Unable to load freemarker template using multipart

2019-09-06 09:47发布

问题:

I am using MultipartFile configured in my Spring MVC app via the classpath:

<bean id="multipartResolver" class="org.springframework.web.multipart.commons.CommonsMultipartResolver">
        <property name="maxUploadSize" value="1000000"/>
    </bean>

<bean id="MyController" class="myController">
        <property name="myTemplate" value="classpath:myTemplate.txt"/>

    </bean>

And I am trying to use freemarker in order to load this templete:

    public class MyController
    {
        private Resource myTemplate;

        ....

        Configuration cfg = new Configuration();
        Template tpl = cfg.getTemplate(myTemplate.getFilename());

But when I run it I am getting an error: Template classpath:myTemplate.txt not found

I tried using: cfg.setDirectoryForTemplateLoading(myTemplate.getFile().getParentFile()) to determine the directory but that didn't help either.

Any ideas...?

回答1:

From the quoted error message I suppose myTemplate.getFilename() returns classpath:myTemplate.txt, not myTemplate.txt. That would exaplain why it doesn't work even if you set the template directory to myTemplate.getFile().getParentFile().

But the more fundamental problem here is that you seem to misuse the FreeMarker API. The Configuration object should be created once in the application life cycle, normally. That's among others because it contains the template cache.

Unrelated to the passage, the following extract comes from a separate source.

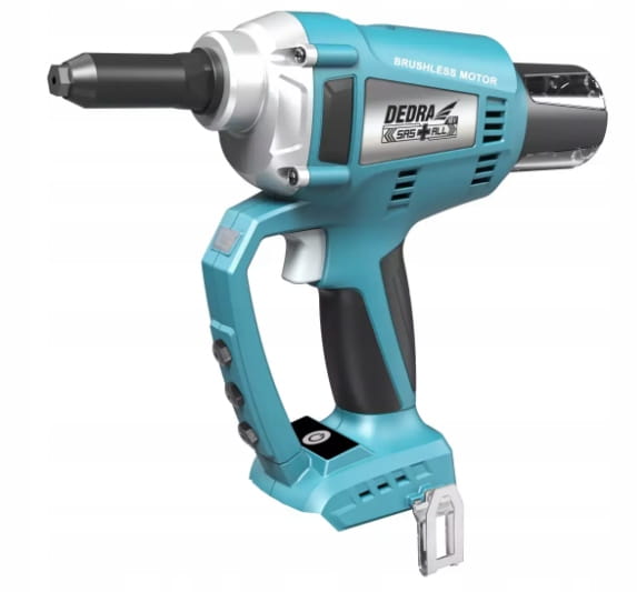 - Dodatkowo nitownica akumulatorowa DED7155 posiada oświetlenie LED, które bezpośrednio wpływa na precyzyjność pracy oraz ogólny komfort użytkowania, a także gumowaną rękojeść, która zapewnia użytkownikowi stabilność chwytu.

If you don't use the template cache anyway, then you might as well load the template into a String, and create the Template with the Template class constructor. (However, if it #include-s or #import-s other templates, then for that FreeMarker will call cfg.getTemplate internally.) If you want to use cfg.getTemplate (and thus the cache too), then probably you should use a TemplateLoader that understands those Spring resource names, then configure FreeMarker to use that (cfg.setTemplateLoader(yourTemplateLoader)). I don't know if Spring already contains such thing or not, but in general it's not difficult to wrap a storage API into the TemplateLoader interface. (It's certainly easier and more robust on the long run than trying to "trick" FreeMarker into loading a template with an ad-hoc setDirectoryForTemplateLoading and such.)